Ten minutes later we return to the first room only now it has been fully equipped with safety plugs on every outlet. The doctor comes back in as Avery is examining the change. “Has something changed?” the doctor asked. Evidently Avery considers it a challenge. He starts trying to bump the magazine holder off the wall by jumping up and down under it. He hits it with his head while dancing a jig. The doctor is going over Anna’s prescriptions while Avery chatters like a chipmunk. To no avail, I tell Avery to stop. I give him “the look” again and the kid actually has the nerve to smack my hands away. I’m dumbfounded. He’s never hit at me. In a demonic voice only Avery can hear, I inform him what’s going to happen when we leave. I honed back in on the doctor’s words with my completely congested ear. Something about two tablespoons every three hours.
Avery starts jumping again, seeing I’m occupied and the magazine rack all but comes off the wall. Finally the doctor looks at Avery and kindly tells him not to break the magazine rack. The doctor then looks at me and quips, “He’s a busy little thing, isn’t he?” My reply? “You have no idea.”
If that isn’t enough, later during the week, my husband and I had an appointment to close on a construction loan for our new house. My mother was having eye surgery and could not babysit. I had to be at the signing and because Anna is sick, to my utter dismay I ended up taking both kids with me. I give them a lengthy lecture on how to behave, yet expecting the worst. Being that close to the jail, they will be able to walk me right over should I end up killing one of them.

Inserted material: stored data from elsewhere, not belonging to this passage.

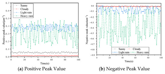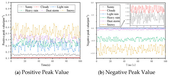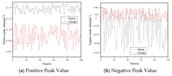 The positive and negative peak values represent the local or global maximum positive and negative values of Gaussian curvature at that point or region, indicating significant changes in the wavefront in that area but in opposite directions. Both represent local changes in the wavefront surface. A positive peak value indicates that the wavefront surface at that point or region exhibits a strong convex characteristic, meaning the wavefront is bending outward at that point. The positive peak value indicates an enhancement in the convex characteristic and a positive change in the phase. A negative peak value indicates that the surface at that point or region exhibits a strong concave characteristic, meaning that the wavefront bends inward in one principal direction and outward in the other [16]. The negative peak value indicates an enhancement of the concave characteristic and a negative change in phase. After calculating the Gaussian curvature for each point using Equation (18), the maximum value (positive peak) and minimum value (negative peak) of Gaussian curvature are found by traversing all of the points. Figure 13, Figure 14 and Figure 15 show the positive and negative curvature peak values over 100 s under different weather conditions for the three links.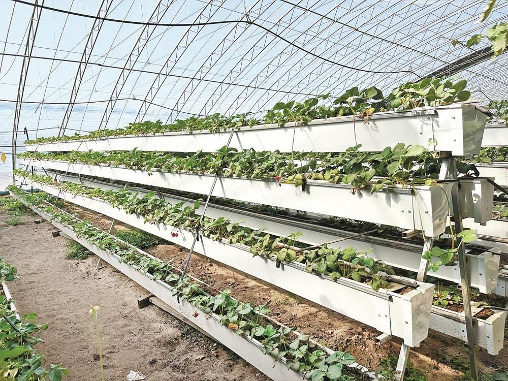 草莓在種植架上長(zhǎng)勢(shì)良好。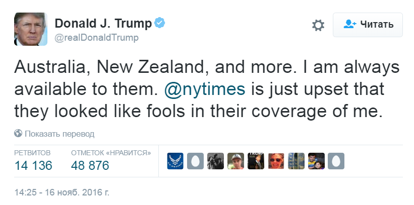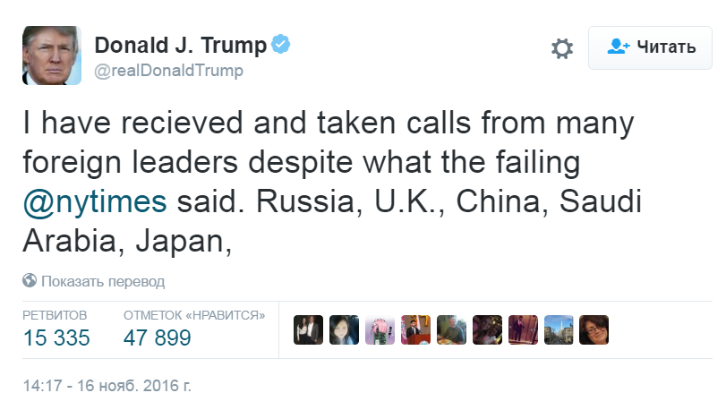 Всё выяснилось после того, как Дональд Трамп в своём твиттере сообщил общественности с лидерами каких стран он провёл телефонные переговоры. Украины в данном списке нет.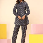 Shirt Style Silk Fabric Grey Color Co-Ord Set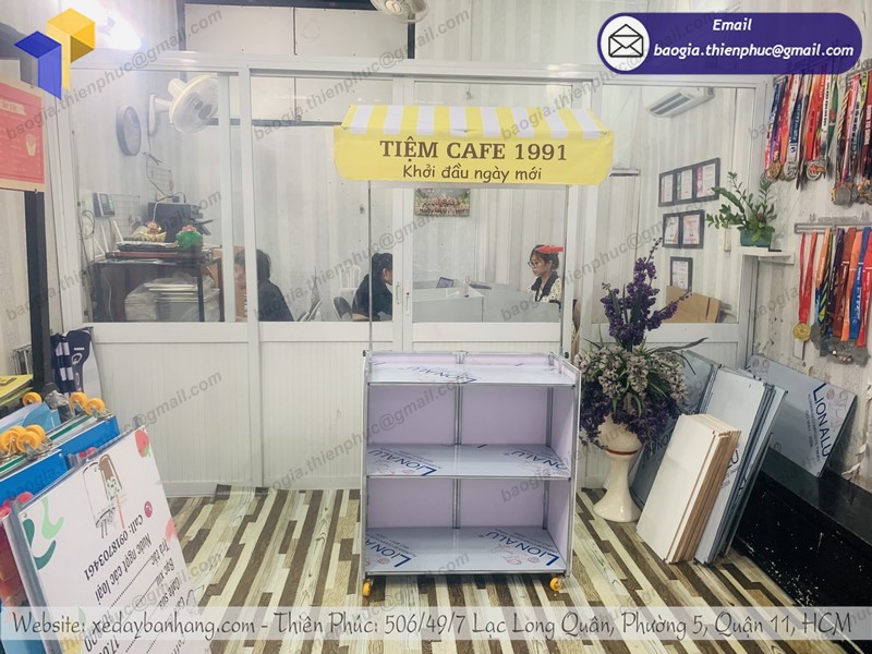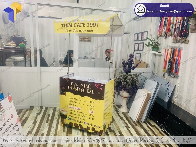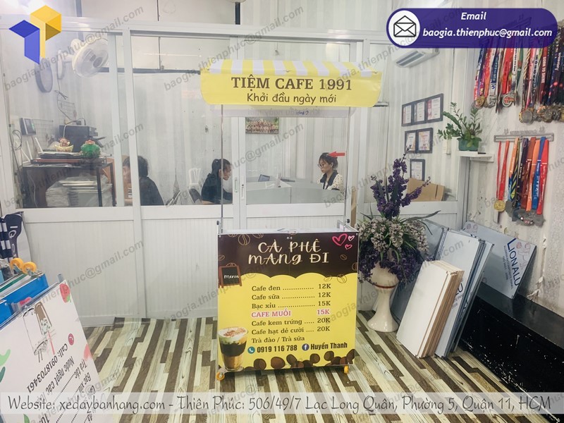 Nhận thiết kế gia công theo yêu cầu: Ngoài những mẫu xe bánh mì thiết kế sẵn, Thiên Phúc còn nhận gia công thiết kế quầy sắt bán cafe theo yêu cầu giúp quý khách có thể tìm và mua bất cứ dòng sản phẩm nào

Anna and Avery go in, see their dad, sit in the chairs their father instructs them to, and don’t utter a peep as Chad places a piece of chocolate in front of each of them. “Now if you behave,” he explains, “you can have the chocolate when we’re through.” The kids sit like angels. Even the guy from the bank comments twenty minutes later, “Those are the best behaved kids I’ve ever seen at a loan closing!” I’m thinking, “Boy have they got you snowed!” They eat the chocolate and experience the sugar high as dad goes back to work and leaves them in my care.
By the end of my day, I am sick, exhausted, and trying hard to muster up rational thoughts to get things in order for the next day. That day would be today—Avery’s first day of preschool. As the other mom’s stood outside their preschooler’s classes this morning, snapping photos and wiping tears, there was a song playing deep in my heart as I skipped from the building. I love my children, but this morning, I teared up and then quickly recovered. Parenting is hard work.
With that said, maybe you can appreciate the busyness of my life, the chaos that seems to find me, and how it is imperative that I seek out the Lord to write anything that has any sort of depth on a spiritual level. All my days aren’t as crazy as the ones described, but a lot of them are. I’m human. I write from where I am. If you’re there too, then my prayers are for you, sister! Anything good I’m able to accomplish is certainly by the hand of God!